Who grew those oysters on your plate?

The story of shellfish from tide-to-table

photo: Fanny Bay Oysters

The average seafood eater on BC’s South Coast is probably blissfully unaware that it takes between two and four years to grow the Pacific Northwest clams and oysters that occasionally adorn their plate. That’s something a local Vancouver restaurant is trying to change by encouraging people to learn more about the origins of local shellfish.

At Fanny Bay Oysters, the only tide-to-table restaurant that offers oysters, mussels, clams and geoducks in Vancouver, the focus is on providing diners with the specifics of where their shellfish was grown and the harvesting methods used. Information about menu items includes whether it was beach grown, tray cultured or harvested by tide tumbling, floating racks or bags, or was part of a dive.
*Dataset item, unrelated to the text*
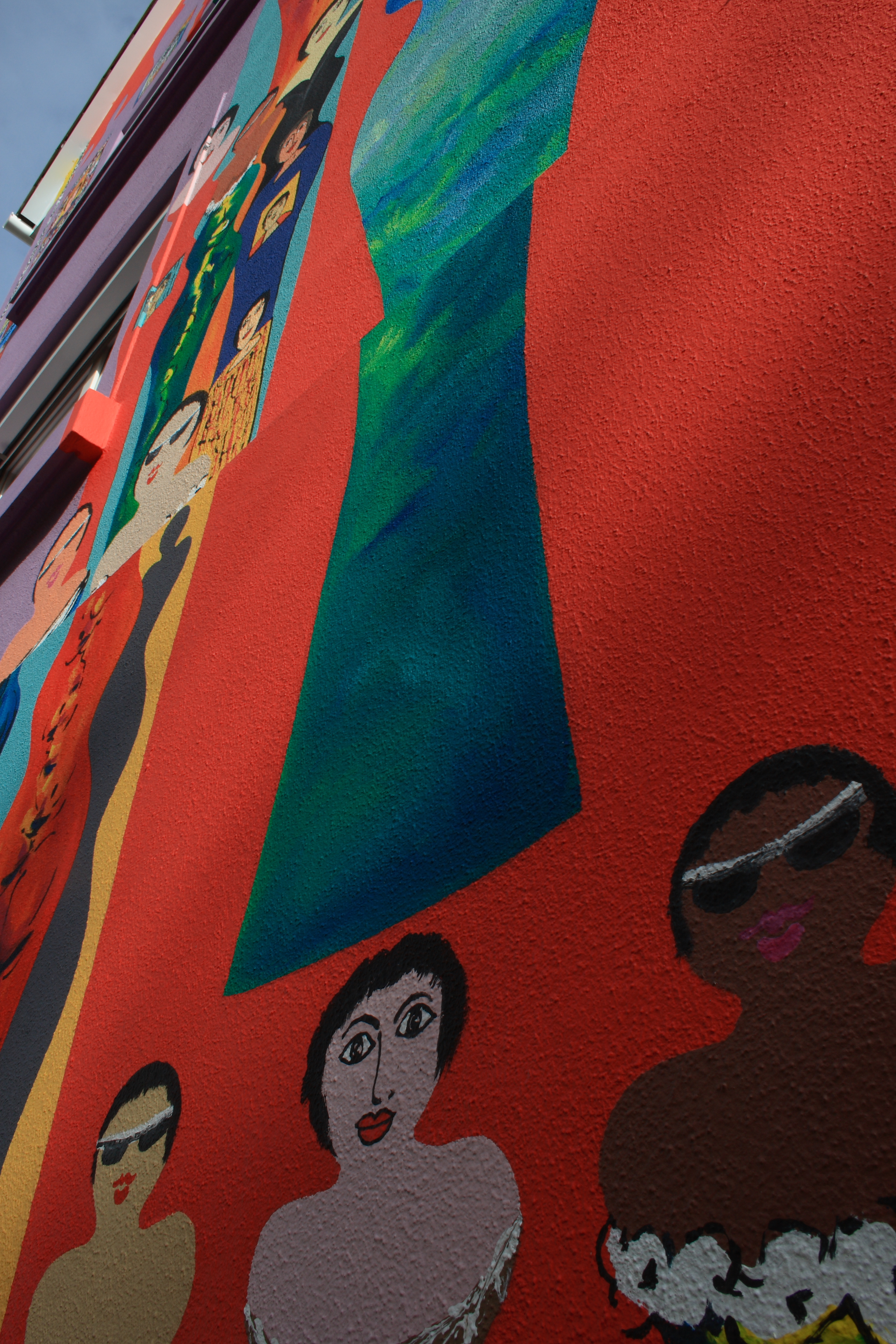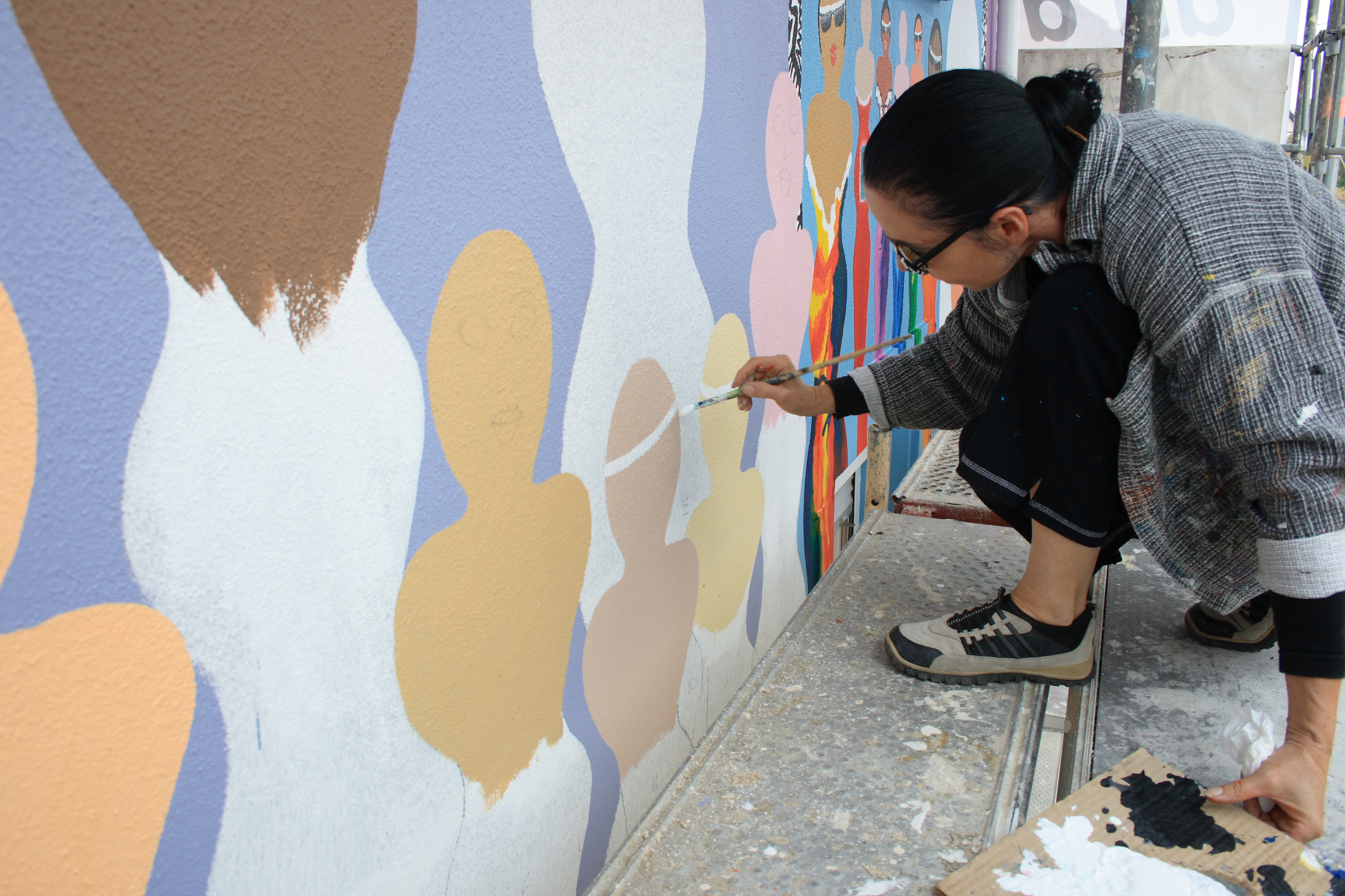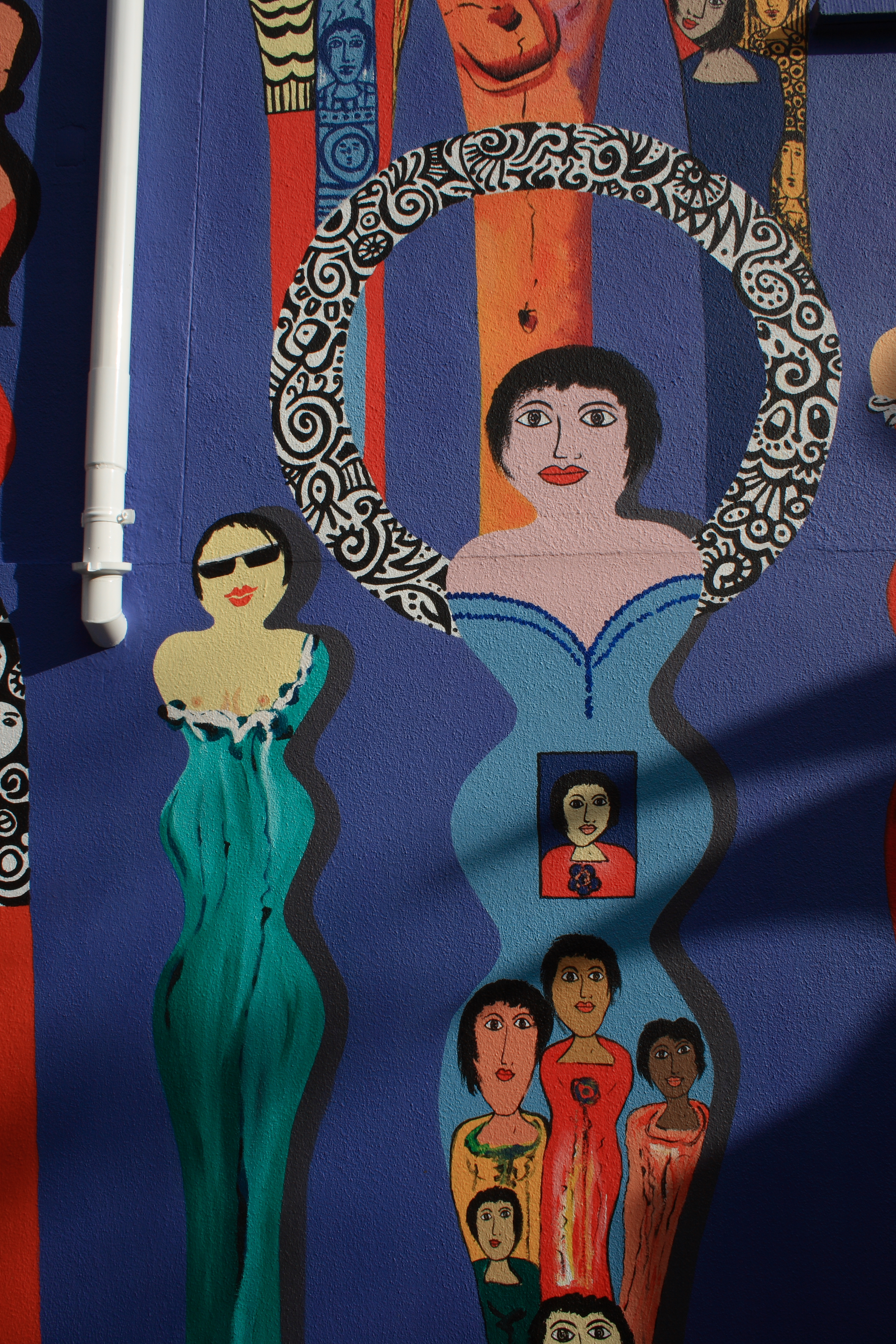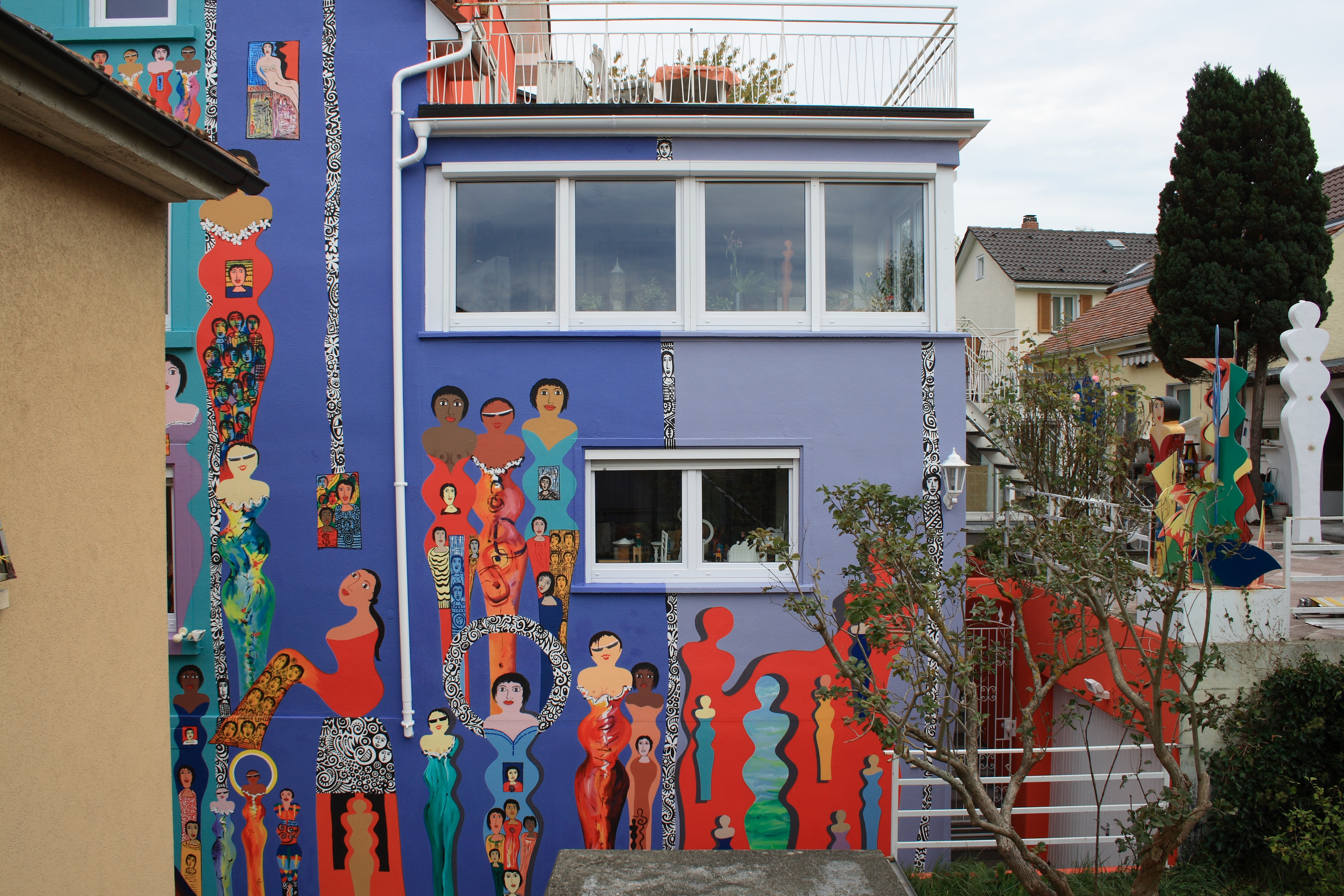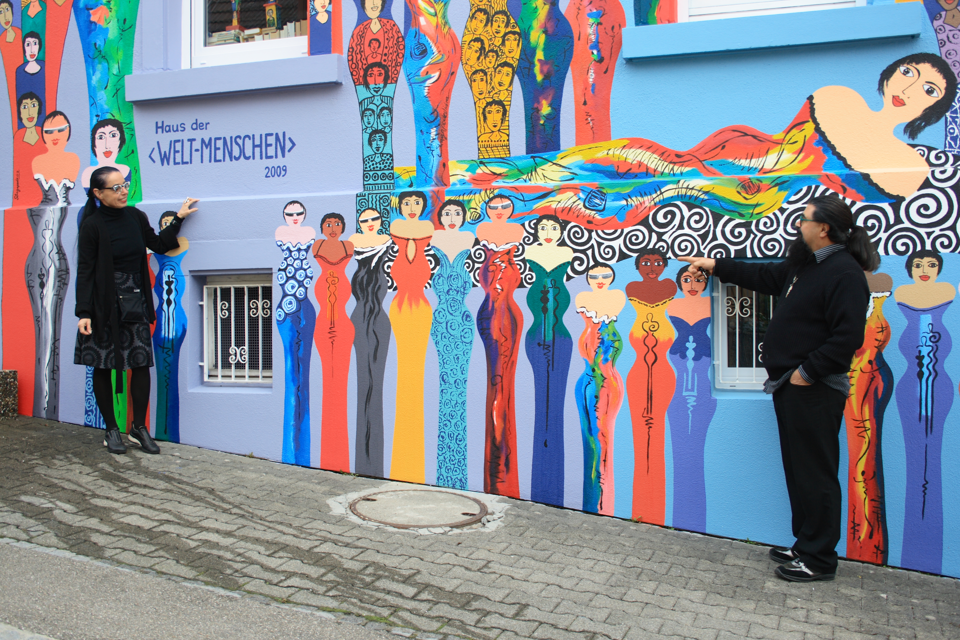 Als Skulpturen, in Gemälden und jetzt auch auf der Fassade ihres Hauses spiegelt sich das Thema wider. Florale Elemente in Schwarzweiß erinnern an Textilmuster, die Welt-Menschen leuchten in allen Farben, erzählen die Geschichten ihres Lebens. Ein Erkennungsmerkmal: die schlichte, immer wiederkehrende Form der Figuren, schwungvoll und dynamisch.

Malindi Taylor is a fifth generation shellfish farmer with Fanny Bay Oysters and Taylor Shellfish. “What’s important to me and my family is who grew the shellfish, and why it is being grown to ensure what we harvest is done in an environmentally sound way and that we have no negative impacts on the waterways that the product is in,” she says.

“Helping the environment helps your company” – Malindi Taylor

photo: Fanny Bay Oysters

Fanny Bay Oysters, the Canadian division of the U.S. company Taylor Shellfish, serves product grown from its farms in Washington State and northern Desolation Sound. “At our farm in Fanny Bay, BC, we grow, harvest, process and package our shellfish and we’re always looking for areas where we can improve sustainability—and there are lots of growing methods that ensure sustainability,” Taylor says.

It goes without saying that shellfish need healthy water to grow and achieve restaurant grade for food safety. “We’re always working to ensure there is clean water for British Columbia and all of the Pacific Northwest. We wouldn’t be able to work if the marine environment wasn’t healthy,” says Taylor.

The Taylor family’s push to not pollute water clean began in the 50s and 60s with Taylor’s grandfather, who sounded the alarm when pollution from the lumber milling industry started to have a negative impact water quality. Today, Taylor says she works really hard to ensure the communities where the family business has operations know the value of good water quality and are able to see that in the reflection of the product that gets farmed in areas of California, Hawaii, Washington and BC.

“Getting people involved and active is what Georgia Strait Alliance does” – Malindi Taylor

Making people aware of issues is something Georgia Strait Alliance (GSA) does well, according to Taylor. It does the groundwork to make issues that impact the marine environment relatable to residents of coastal communities in BC. “GSA is able to reach out to people and explain the issues and how they’re going to affect the communities that we live in; they’re able to rally support for so many great causes.”

The next time you plan to eat Kumamoto, Olympia or Pacific oysters, Manilla clams, or a geoduck sashimi salad, perhaps you’ll consider the origins of the shellfish you’re about to purchase. Because, as Taylor aptly says; “Without caring about the environment, you won’t have the seafood that you love to eat.”

“If you’re involved in the seafood industry, you want to be working with Georgia Strait Alliance” – Malindi Taylor

Fanny Bay Oyster Bar in Vancouver hosted From Oysters to Orcas in February, with all proceeds going to support Georgia Strait Alliance’s marine conservation work.